Il s'en déduit que le conseiller de la mise en état est compétent pour statuer sur la demande de radiation et ils seront renvoyés à mieux se pourvoir de ce chef.
Sur les demandes sur le fondement de l'article 700 du Code de procédure civile et les dépens
La S.A.S. Lab'Science Aquitaine, partie succombante dans la présente instance, au sens des dispositions de l'article 696 du Code de procédure civile, sera condamnée aux entiers dépens.

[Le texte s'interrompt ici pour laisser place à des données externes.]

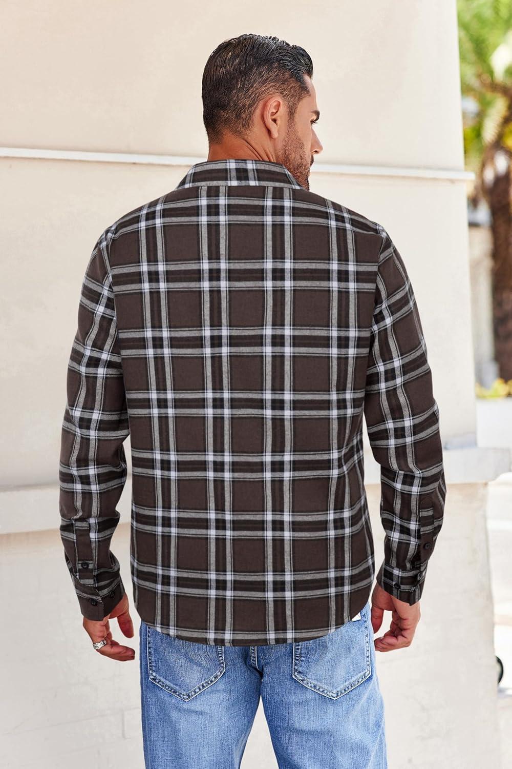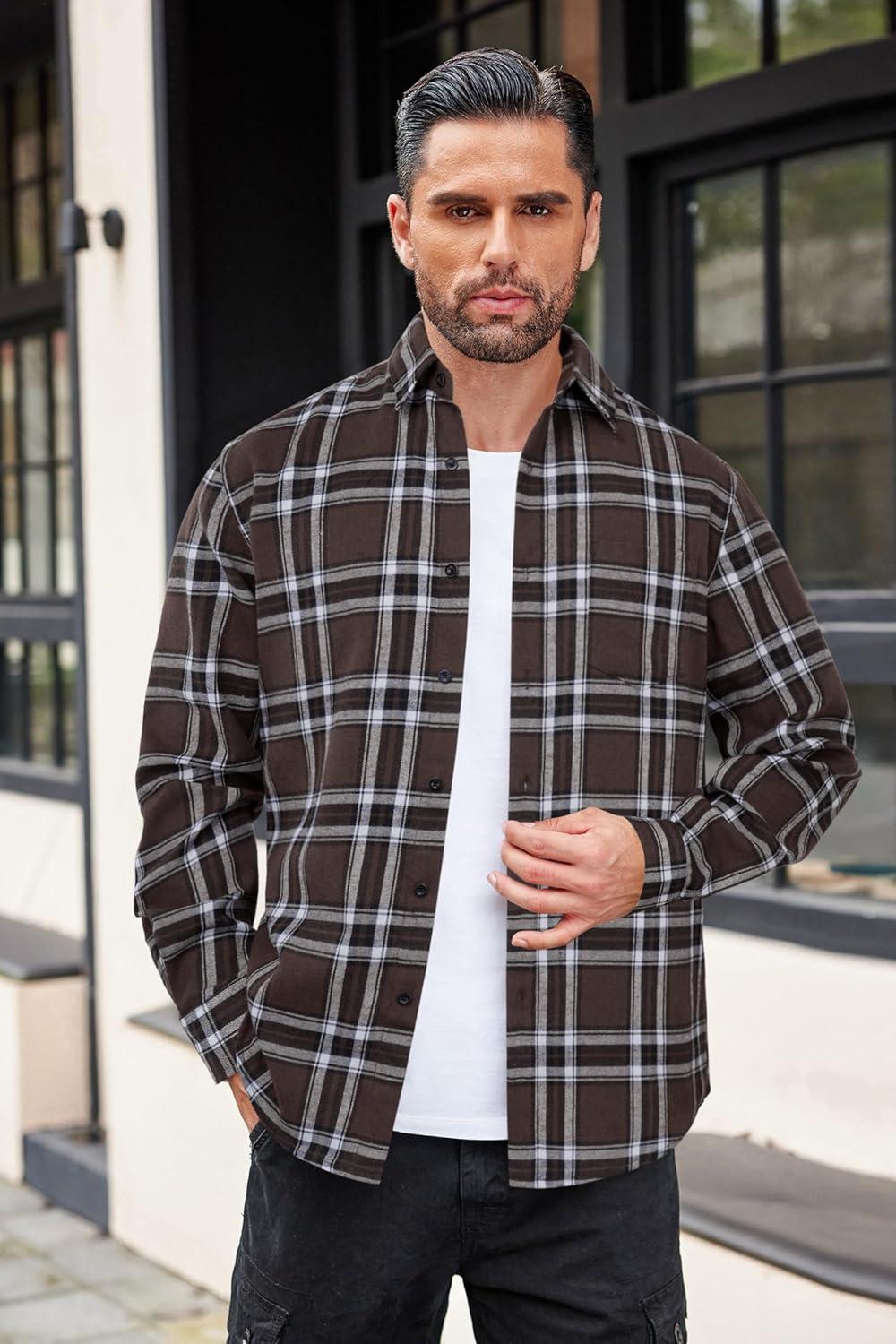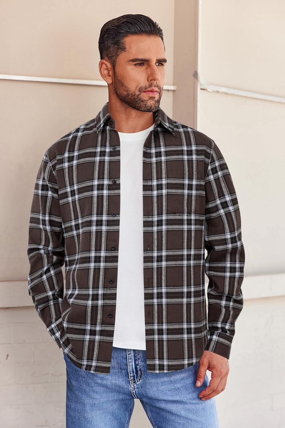 • COOFANDY Mens Flannel Shirts Long Sleeve Button Down Shirt with Pocket Casual Shirts Work Shirts for Men(Brown Black White Plaid)
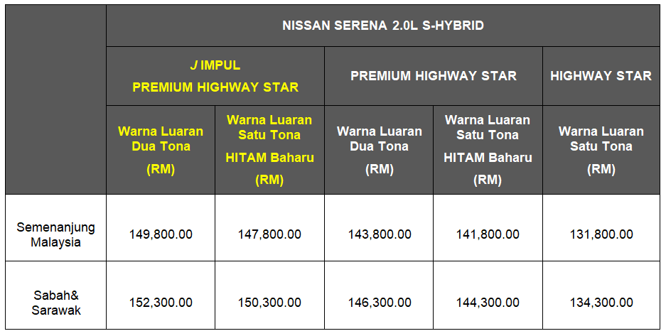 Berikut adalah senarai harga bagi semua varian Serena S-Hybrid:
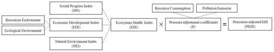 From the perspective of the natural–social–economic composite ecosystem, the need to coordinate natural and artificial capital under ecological scarcity is considered in this paper. An evaluation index system of the EHI for benchmarking SDGs was established, including three subindexes and a pressure adjustment coefficient (P), as shown in Figure 2 and Table 1.

Il apparaît conforme à l'équité de la condamner à payer à la S.A.S. Saita Entreprise et les époux [D] la somme de 1500 € au titre des dispositions de l'article 700 du code de procédure civile. Elle sera déboutée de sa demande au titre de l'article 700 du code de procédure civile.
PAR CES MOTIFS
Déboute la S.A.S. Lab'Science Aquitaine de sa demande tendant à l'arrêt de l'exécution provisoire résultant du jugement rendu le 20 juillet 2023 par le tribunal de commerce de Bordeaux ;
Condamne la S.A.S. Lab'Science Aquitaine à payer à la S.A.S. Saita Entreprise et les époux [D] la somme de 1500 € au titre des dispositions de l'article 700 du code de procédure civile et la déboute de sa demande du même chef ;
Renvoie la S.A.S. Saita Entreprise et les époux [D] à mieux se pourvoir s'agissant de leur demande de radiation de l'affaire du rôle ;
Condamne la S.A.S. Lab'Science Aquitaine aux entiers dépens de la présente instance.
La présente ordonnance est signée par Véronique LEBRETON, Première Présidente de Chambre et par Séverine ROMA, Greffière, à laquelle la minute de la décision a été remise par le magistrat signataire.